_Aim of the task:_
Every line of the material must be given again verbatim. Skip the images.

_Dataset section:_
======

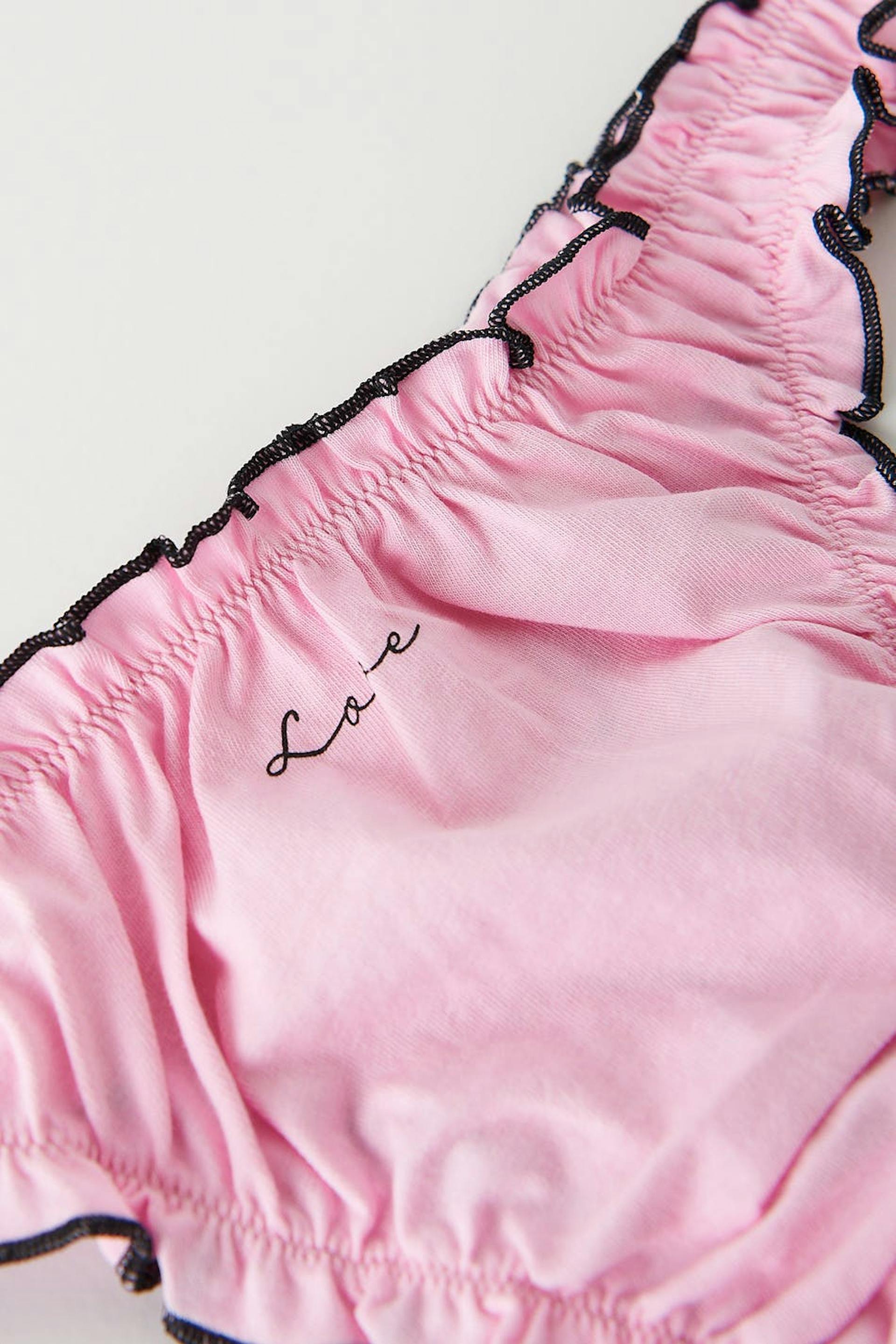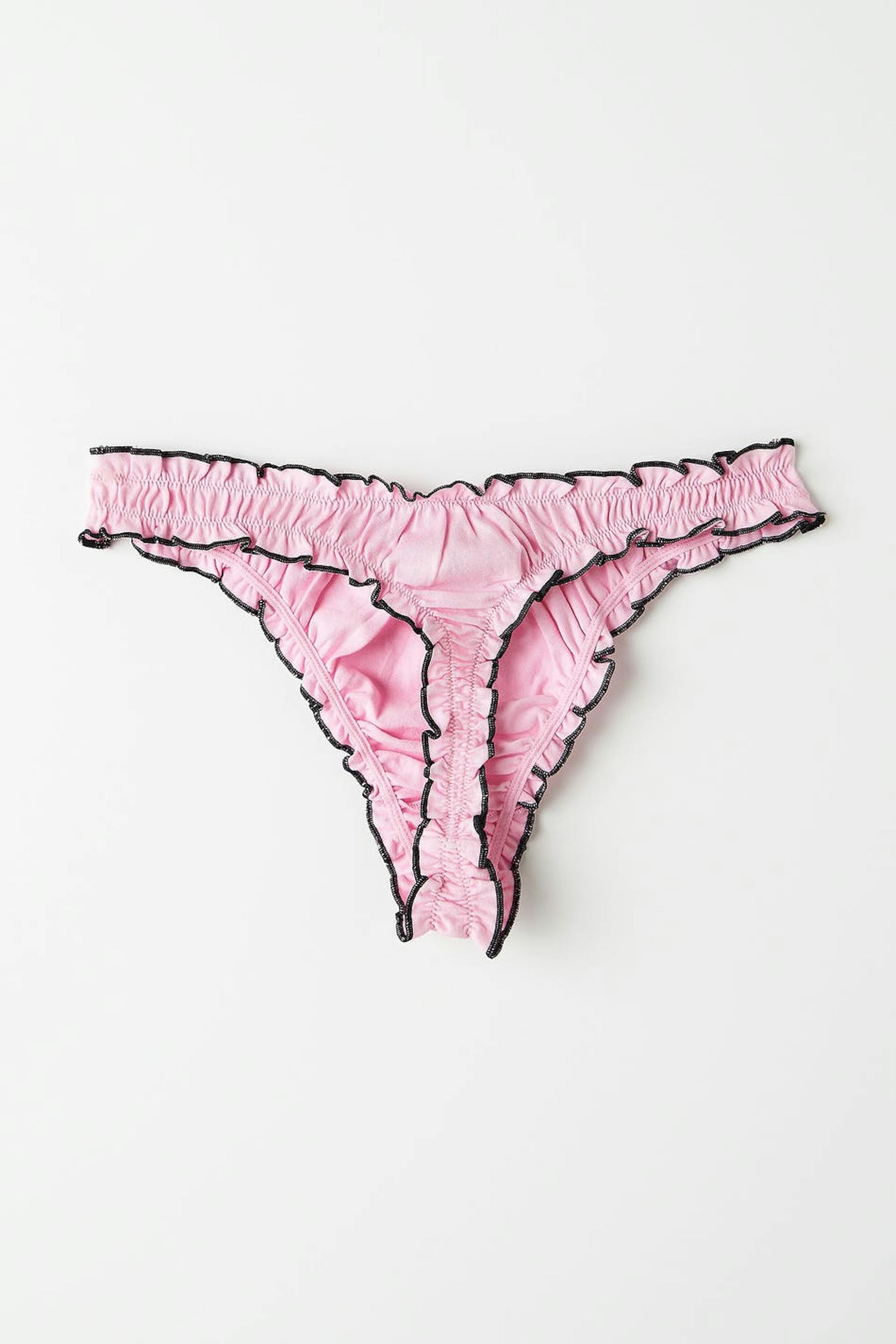 Stringtrosor i bomull med volangkanter. Stringtrosorna är rosa och har en fodrad gren.
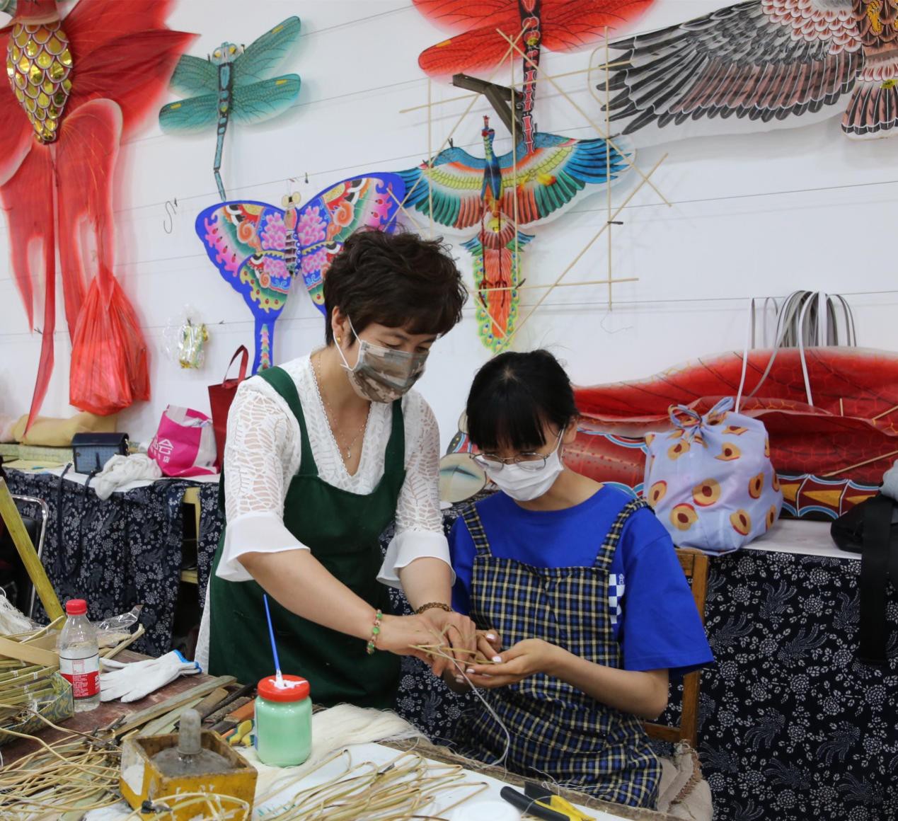 지우링허우(90後) 대학생이 종이연 묶는 법을 배우고 있다.
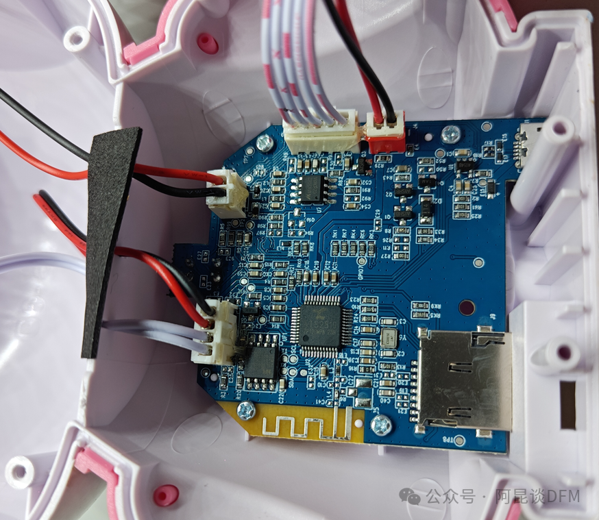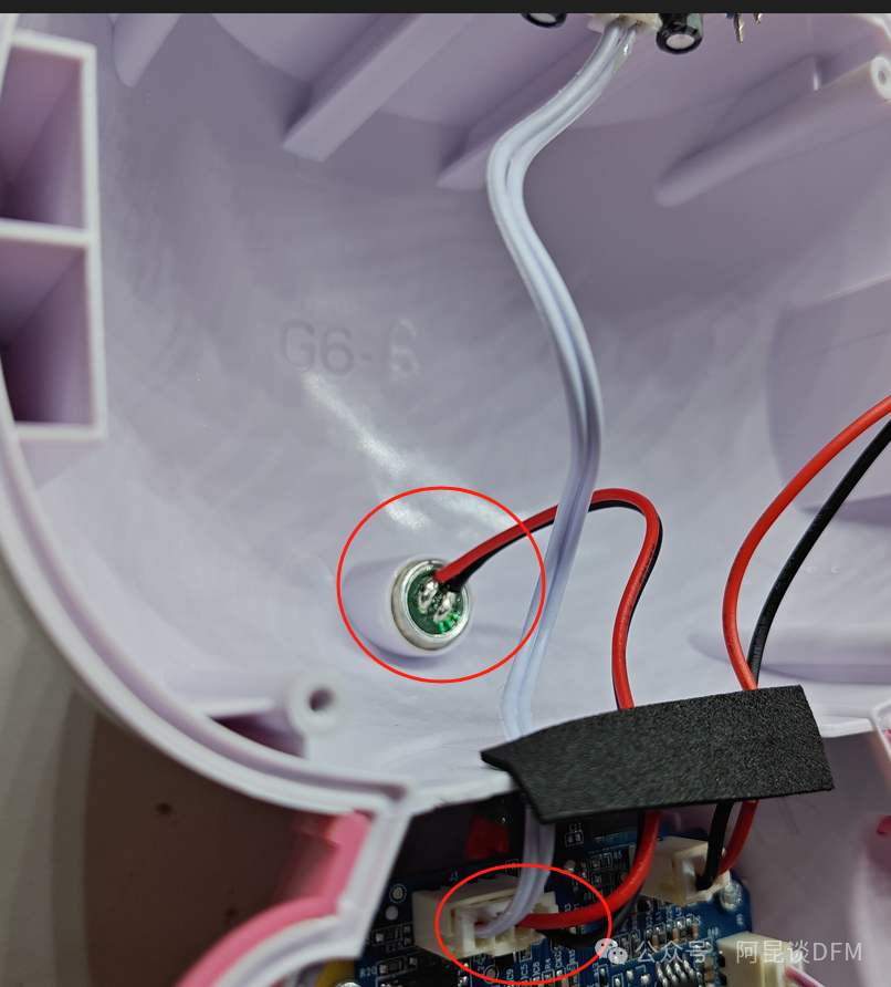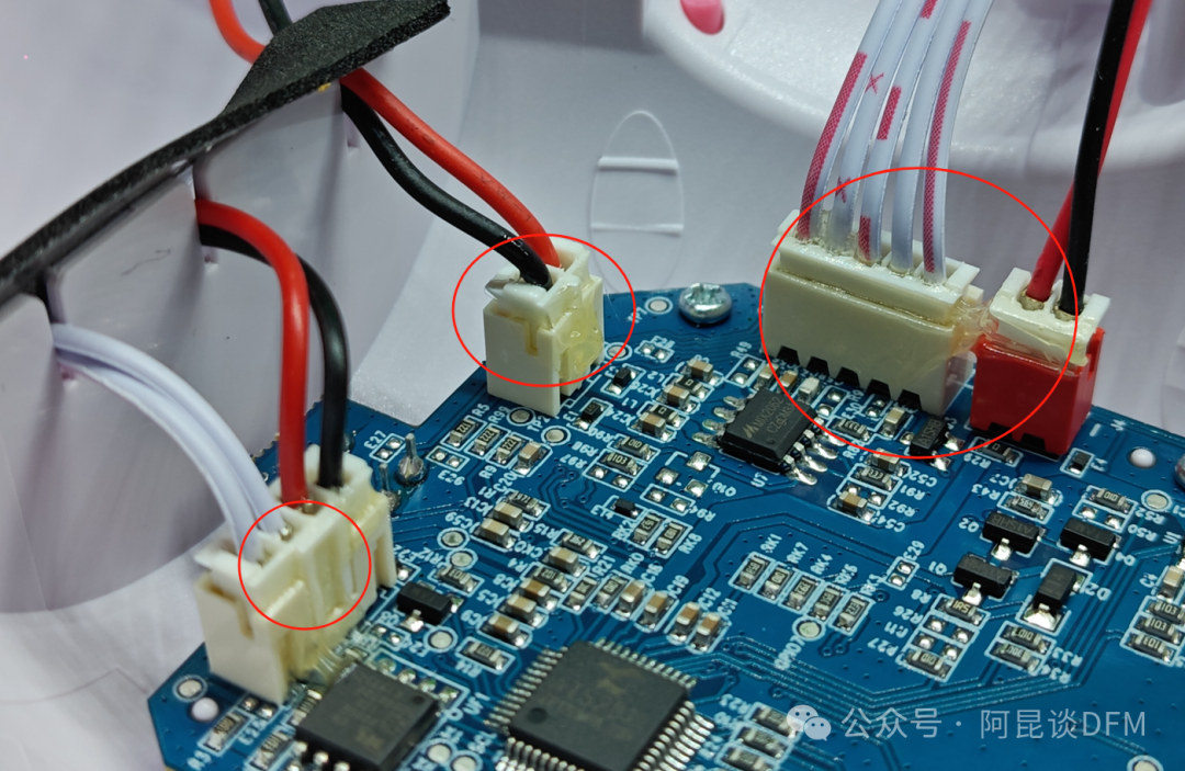 咪头位置,两条线接在了一个排线座上,用线也不一样,小细节还是说明挺讲究。
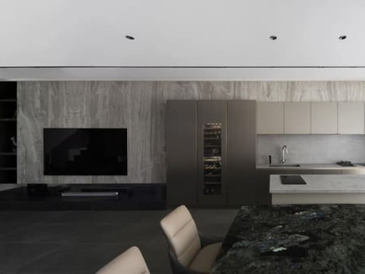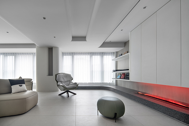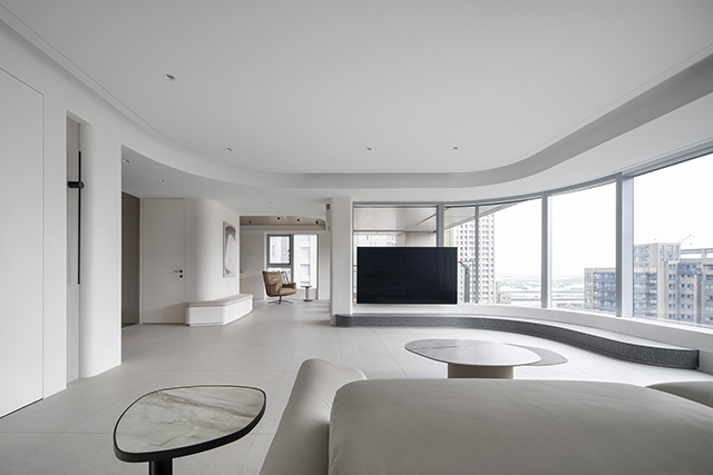 設計呼應建案特色,將建築弧線延伸入室,同時不以傳統電視牆為主,改以石材底座結合懸空電視,與窗景融為一體,將極簡風格推向極致。

======

_Answer for this exercise:_
 Stringtrosor i bomull med volangkanter. Stringtrosorna är rosa och har en fodrad gren.
 지우링허우(90後) 대학생이 종이연 묶는 법을 배우고 있다.
 咪头位置,两条线接在了一个排线座上,用线也不一样,小细节还是说明挺讲究。
 設計呼應建案特色,將建築弧線延伸入室,同時不以傳統電視牆為主,改以石材底座結合懸空電視,與窗景融為一體,將極簡風格推向極致。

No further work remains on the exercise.